Peel Hunt cuts earnings forecasts for IHG as 'tough winter' nears
Updated : 15:03
Peel Hunt has cut both earnings forecasts and its rating on InterContinental Hotels Group, as the Covid-19 pandemic continues to undermine the international hospitality sector.
The broker, which downgraded its recommendation to ‘hold’ from ‘buy’, now believes full-year revenue per available room (RevPar) will be down 52% in 2020, compared to its previous forecast for a 46% fall.
RevPar in 2021 is likely to be down 33%, Peel Hunt added, compared to an earlier forecast for a 27% decline.
As a result, Peel Hunt now believes earnings per share in 2020 and in 2021 are likely to be down 54% and 21%, respectively.
“We believe that these changes put our forecasts at the bottom of the consensus range,” the analysts noted.
IHG, which is due to post third-quarter numbers on Friday, last updated the market on trading in August. “At that time, we expected a slow and steady recovery with a boost from a vaccine in 2021. Since August, market data for US hotel shows slowing growth, possibly stagnation; it is hard to tell.
“In the Europe part of EMEAA, the recovery has clearly into reverse. Elsewhere in EMEAA trading is more mixed.

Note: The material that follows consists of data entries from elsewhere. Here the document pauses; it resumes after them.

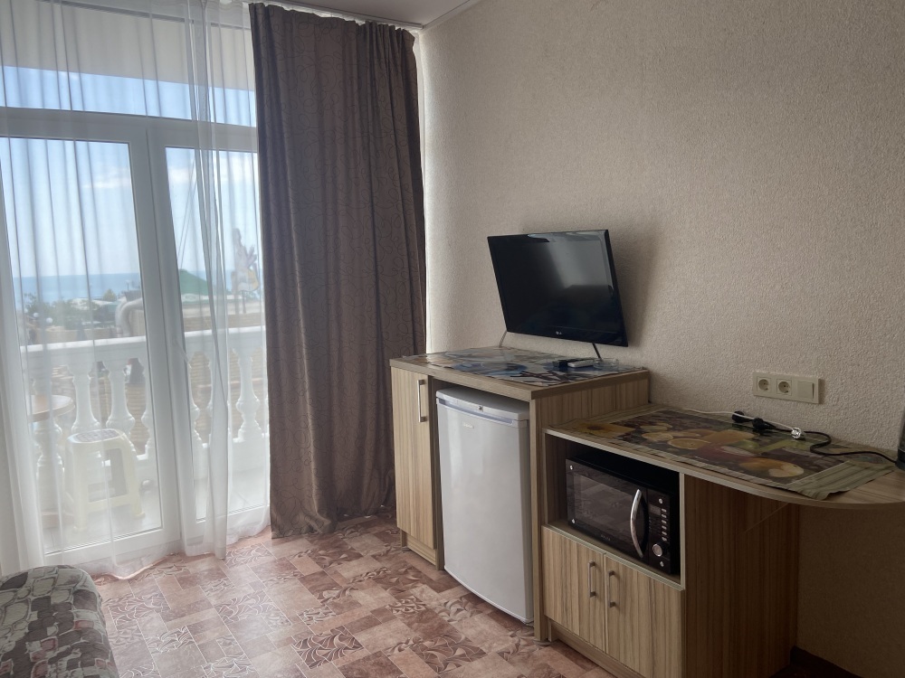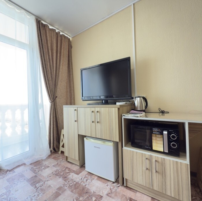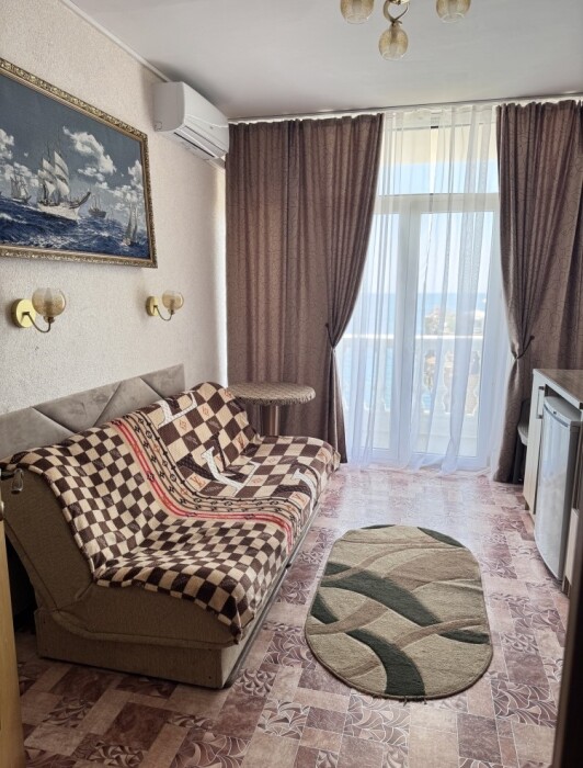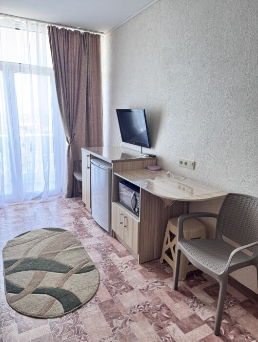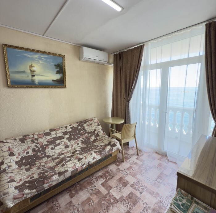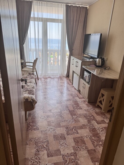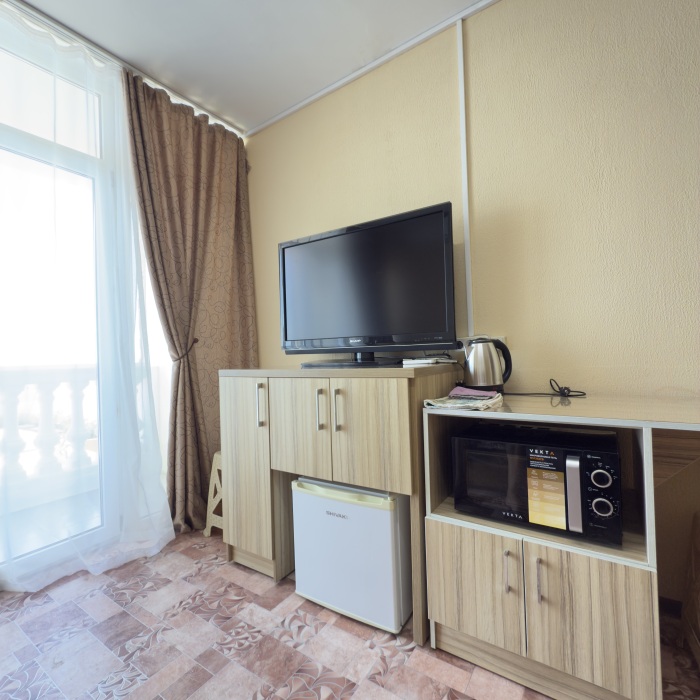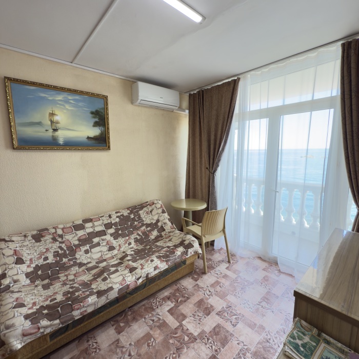 Погрузитесь в атмосферу безмятежности и комфорта в нашем Полулюксе с завораживающим видом на море. Проснитесь под ласковый шум прибоя и насладитесь первым лучом солнца, играющим на морской глади, прямо из окон вашего просторного номера. Этот полулюкс - идеальное сочетание элегантности и функциональности, созданное для Вашего незабываемого отдыха в Крыму.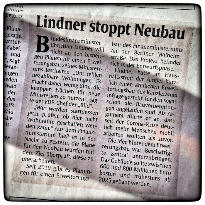 Wenn ich lese, das Finanzministerium hat einen Erweiterungsbau für 600 bis 800 Millionen Euro geplant. Das Kanzleramt ebenfalls. Dann stellt sich doch die Frage, sind es tatsächlich die Parlamentarier, die hohe Kosten verursachen? Oder ist es nicht vielmehr der Rattenschwanz, den der Parlamentarismus mit sich bringt. Personal, Berater, Sachverständige? Büros, Dienstreisen, Fuhrpark?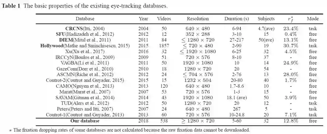 建立了大规模普适视频的眼动数据库,包含了 158 子类的 538 个视频,以及详尽的数据分析;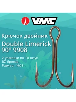 Крючки рыболовные (двойник) 9908 BZ №03 (2 упак по 10 шт)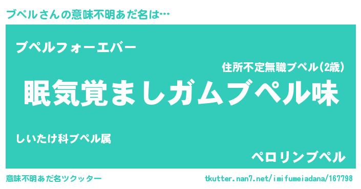 | ヘコむあだ名 | 『豆乳』『ブペもー』『ブペっぺ』 |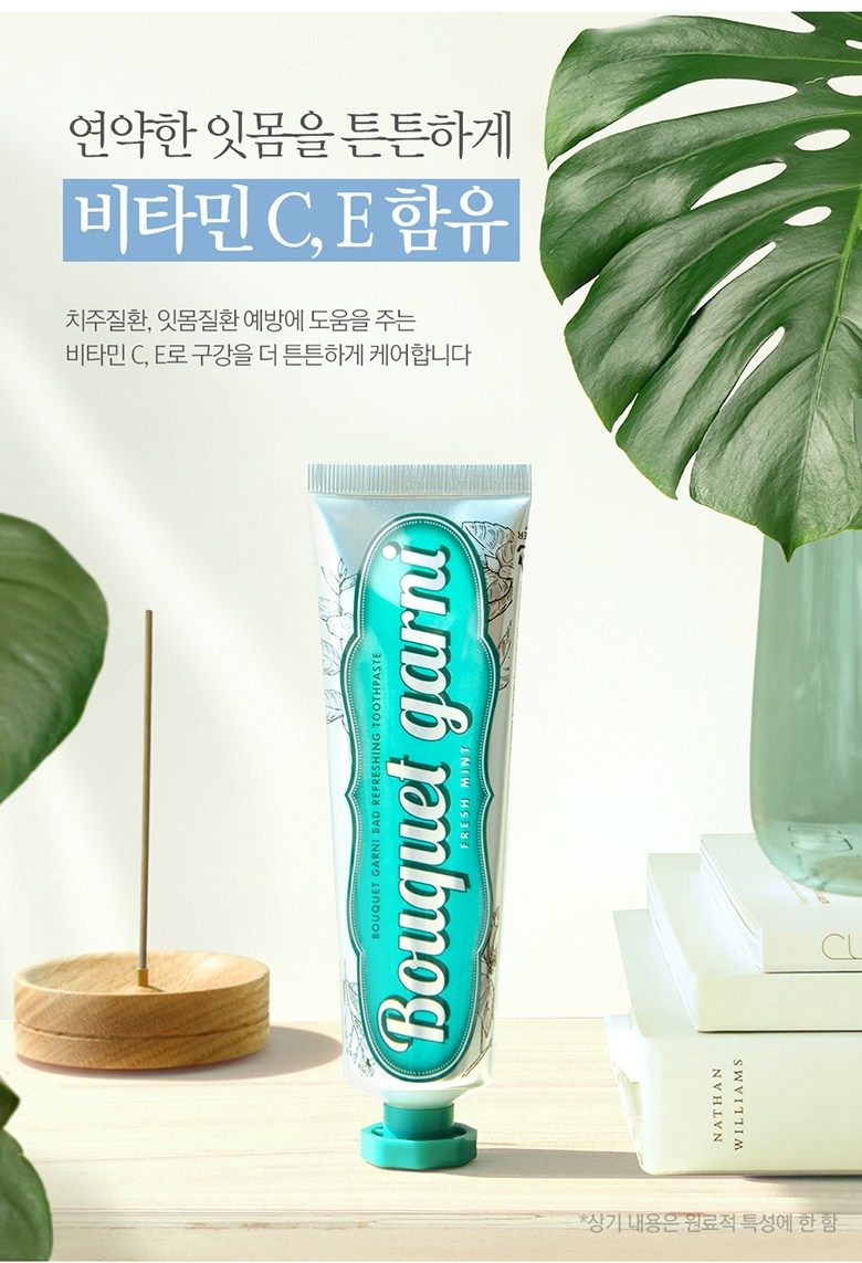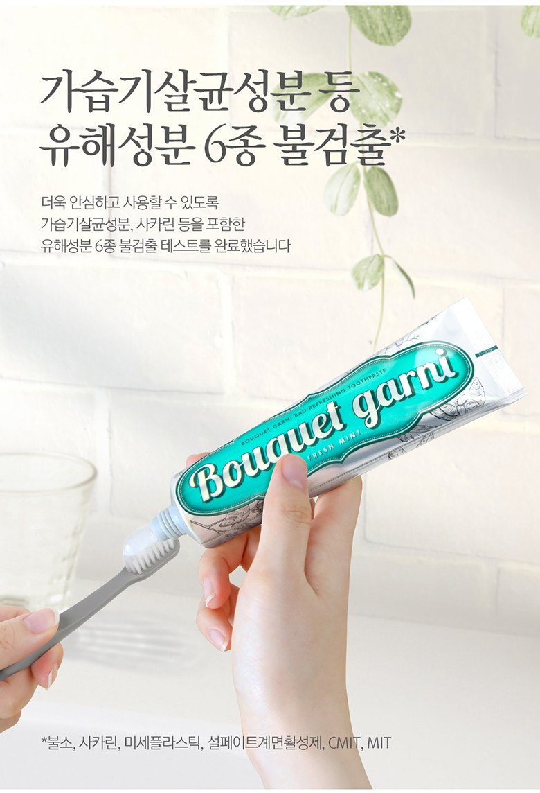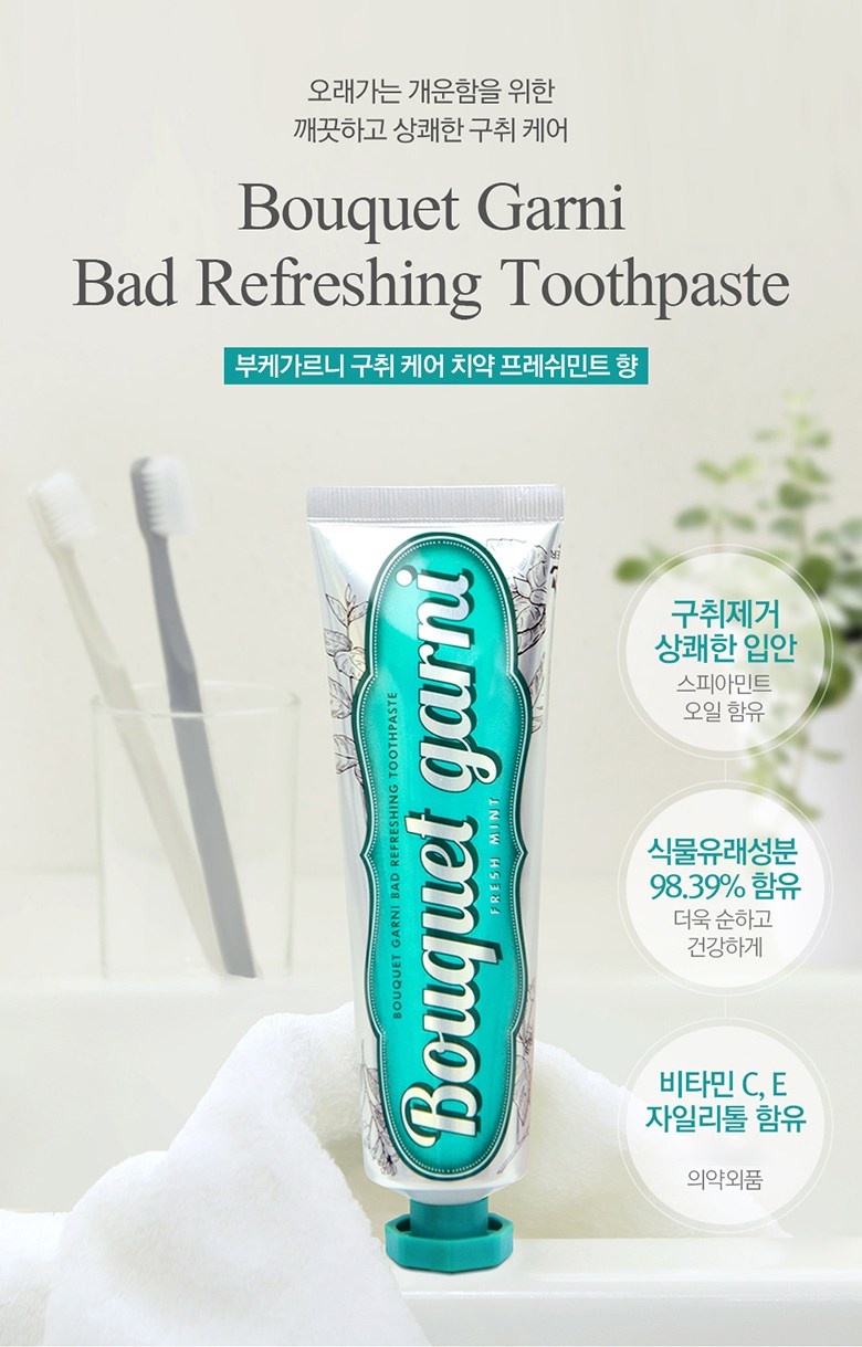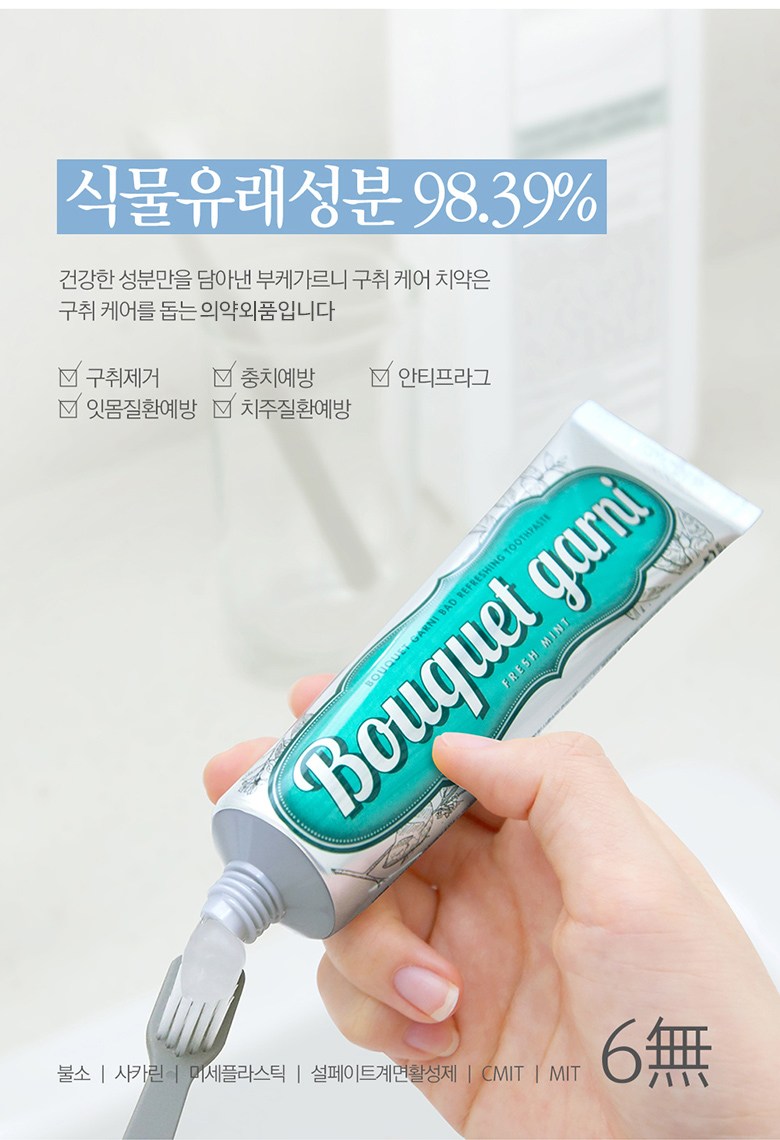 | 품명 및 모델명 | 부케가르니구취케어치약(프레쉬민트향) | 인증/허가 사항 | 의약외품 |

Only China – a small minority of revenue – is following the script with continued growth.
“The travel industry generally is set for a tough winter. IHG has a hotel portfolio which mainly targets domestic travellers and has limited exposure to larger groups and conferences. But this is not enough to insulate the bottom line from weakness in demand.”
As at 1415 BST, shares in IHG were down 1% at 4,119.0p. Peel Hunt also reduced its target price for the stock to 4,300p from 5,000p.
IHG owns the InterContinental, Holiday Inn and Crowne Plaza brands, among others.